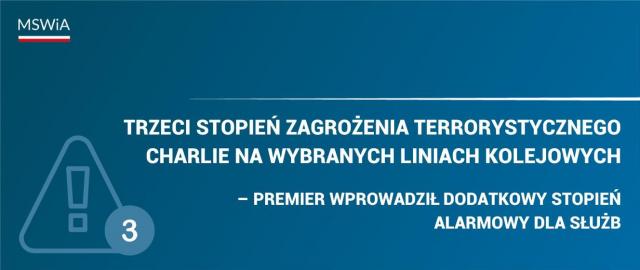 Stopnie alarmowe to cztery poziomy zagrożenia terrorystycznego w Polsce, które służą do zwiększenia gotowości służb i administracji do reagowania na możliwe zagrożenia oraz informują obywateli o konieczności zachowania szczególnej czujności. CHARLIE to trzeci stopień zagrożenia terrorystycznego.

-*-

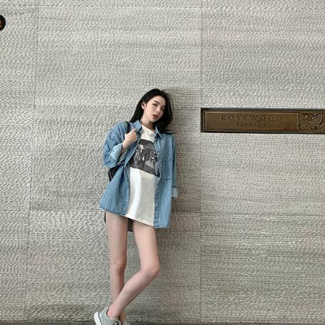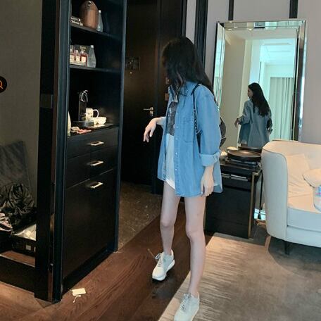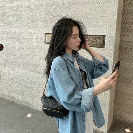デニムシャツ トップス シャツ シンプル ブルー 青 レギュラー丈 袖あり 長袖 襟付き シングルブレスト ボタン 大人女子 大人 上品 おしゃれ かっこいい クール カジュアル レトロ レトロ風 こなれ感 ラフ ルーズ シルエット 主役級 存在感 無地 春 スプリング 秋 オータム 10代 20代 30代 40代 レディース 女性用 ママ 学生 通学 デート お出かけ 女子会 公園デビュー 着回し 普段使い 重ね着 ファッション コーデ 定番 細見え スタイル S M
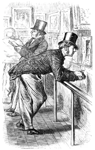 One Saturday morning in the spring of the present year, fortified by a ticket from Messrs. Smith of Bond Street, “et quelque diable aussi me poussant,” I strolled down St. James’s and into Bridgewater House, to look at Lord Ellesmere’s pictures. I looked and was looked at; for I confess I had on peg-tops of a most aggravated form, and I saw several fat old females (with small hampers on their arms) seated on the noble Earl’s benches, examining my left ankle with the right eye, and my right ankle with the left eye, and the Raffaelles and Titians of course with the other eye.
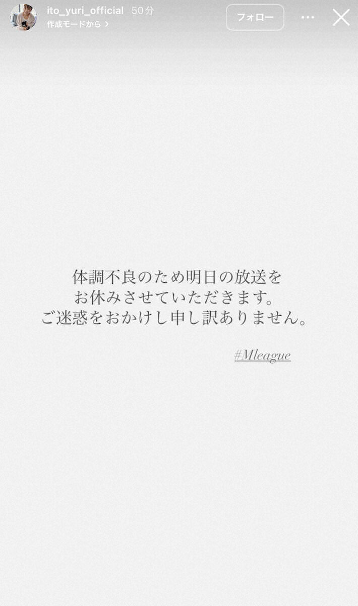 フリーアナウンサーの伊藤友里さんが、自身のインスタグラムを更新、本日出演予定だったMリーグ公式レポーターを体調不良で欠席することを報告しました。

-*-

Exercise:
In the data above, retype only the stretch from the line with "デニムシャツ トップス シャツ" through the line with "フリーアナウンサーの伊藤友里", word for word, and skip any pictures.

Answer space:
デニムシャツ トップス シャツ シンプル ブルー 青 レギュラー丈 袖あり 長袖 襟付き シングルブレスト ボタン 大人女子 大人 上品 おしゃれ かっこいい クール カジュアル レトロ レトロ風 こなれ感 ラフ ルーズ シルエット 主役級 存在感 無地 春 スプリング 秋 オータム 10代 20代 30代 40代 レディース 女性用 ママ 学生 通学 デート お出かけ 女子会 公園デビュー 着回し 普段使い 重ね着 ファッション コーデ 定番 細見え スタイル S M
 One Saturday morning in the spring of the present year, fortified by a ticket from Messrs. Smith of Bond Street, “et quelque diable aussi me poussant,” I strolled down St. James’s and into Bridgewater House, to look at Lord Ellesmere’s pictures. I looked and was looked at; for I confess I had on peg-tops of a most aggravated form, and I saw several fat old females (with small hampers on their arms) seated on the noble Earl’s benches, examining my left ankle with the right eye, and my right ankle with the left eye, and the Raffaelles and Titians of course with the other eye.
 フリーアナウンサーの伊藤友里さんが、自身のインスタグラムを更新、本日出演予定だったMリーグ公式レポーターを体調不良で欠席することを報告しました。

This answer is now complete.